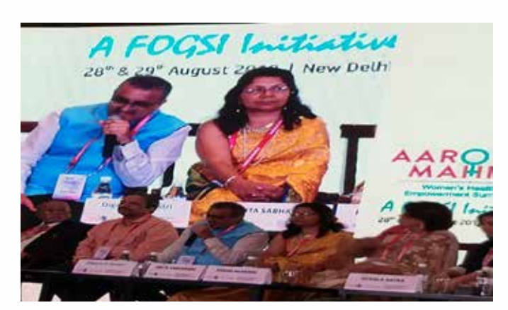
Expert panelist in FOGSi Conference on Women's health
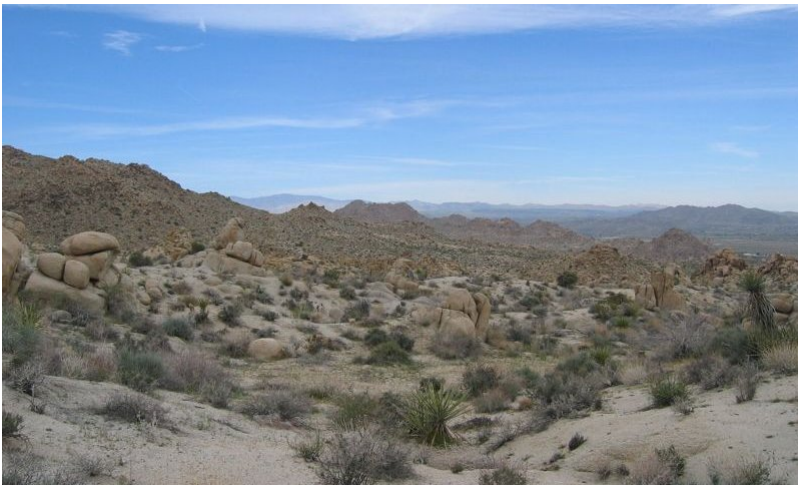
Figure 4. Community Phase 2.1
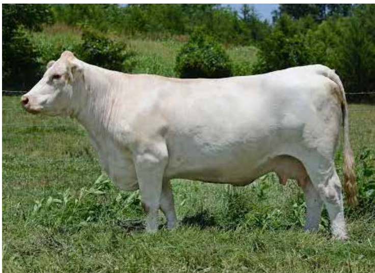
M6 MS E46 QUALITY4241PET Donor Dam of Lot 19 Embryos

Lock & Load offers tremendous EPD numbers , top 6% WW, 2% YW, 15% MTL, 1% CW, 15% REA, 4% Marb, and 1% TSI for the breed comparisons. Clarice adds the calving and BW along with top 5% Milk for a well-rounded blend of top genetics. Two of the more popular genetics lines you could add to your herd!
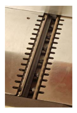
The twin knife system is designed to be consistent yet easy to adjust.

This cutterhead is used for both jointing and planning operations. The large diameter and mass of the all steel cutterhead body adds considerable inertia that helps keep the JET 8" Jointer/Planer cutting smoothly.
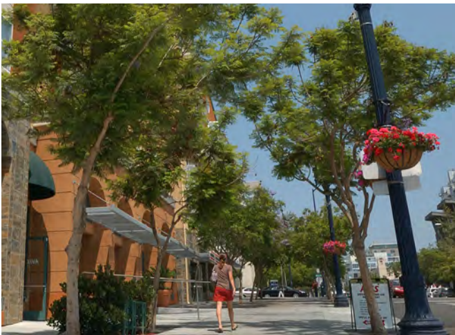
The combination of streetscape elements create a distinct sense of place for neighborhoods throughout Uptown.
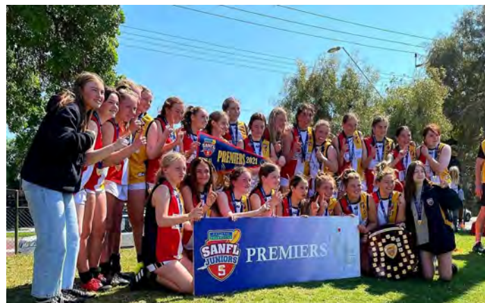
U15 girls GSFC 2.2-14 def Henley 0.7-7
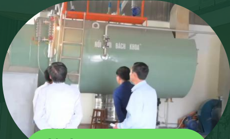
High-capacity steam drying system
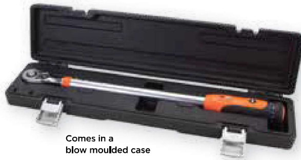
Comes in a blow moulded case
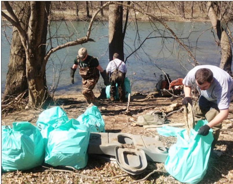
Top, Ducks Unlimited members tackle trash in Jefferson County during a Make It Shine cleanup. Right, Girl Scouts from troops 40027 and 40063 work on a cleanup in Mineral County. A record number of volunteers, more than 5,000, turned out for this spring's cleanup efforts across West Virginia.
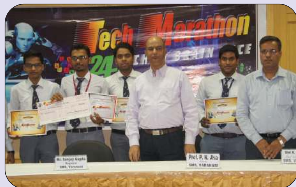
Winners of Tech Marathon

··········

> _WHAT THE TASK REQUIRES_: Exclude all images and restate the records above word for word.

> _EXERCISE ANSWER_:
Expert panelist in FOGSi Conference on Women's health
Figure 4. Community Phase 2.1
M6 MS E46 QUALITY4241PET Donor Dam of Lot 19 Embryos

Lock & Load offers tremendous EPD numbers , top 6% WW, 2% YW, 15% MTL, 1% CW, 15% REA, 4% Marb, and 1% TSI for the breed comparisons. Clarice adds the calving and BW along with top 5% Milk for a well-rounded blend of top genetics. Two of the more popular genetics lines you could add to your herd!
The twin knife system is designed to be consistent yet easy to adjust.

This cutterhead is used for both jointing and planning operations. The large diameter and mass of the all steel cutterhead body adds considerable inertia that helps keep the JET 8" Jointer/Planer cutting smoothly.
The combination of streetscape elements create a distinct sense of place for neighborhoods throughout Uptown.
U15 girls GSFC 2.2-14 def Henley 0.7-7
High-capacity steam drying system
Comes in a blow moulded case
Top, Ducks Unlimited members tackle trash in Jefferson County during a Make It Shine cleanup. Right, Girl Scouts from troops 40027 and 40063 work on a cleanup in Mineral County. A record number of volunteers, more than 5,000, turned out for this spring's cleanup efforts across West Virginia.
Winners of Tech Marathon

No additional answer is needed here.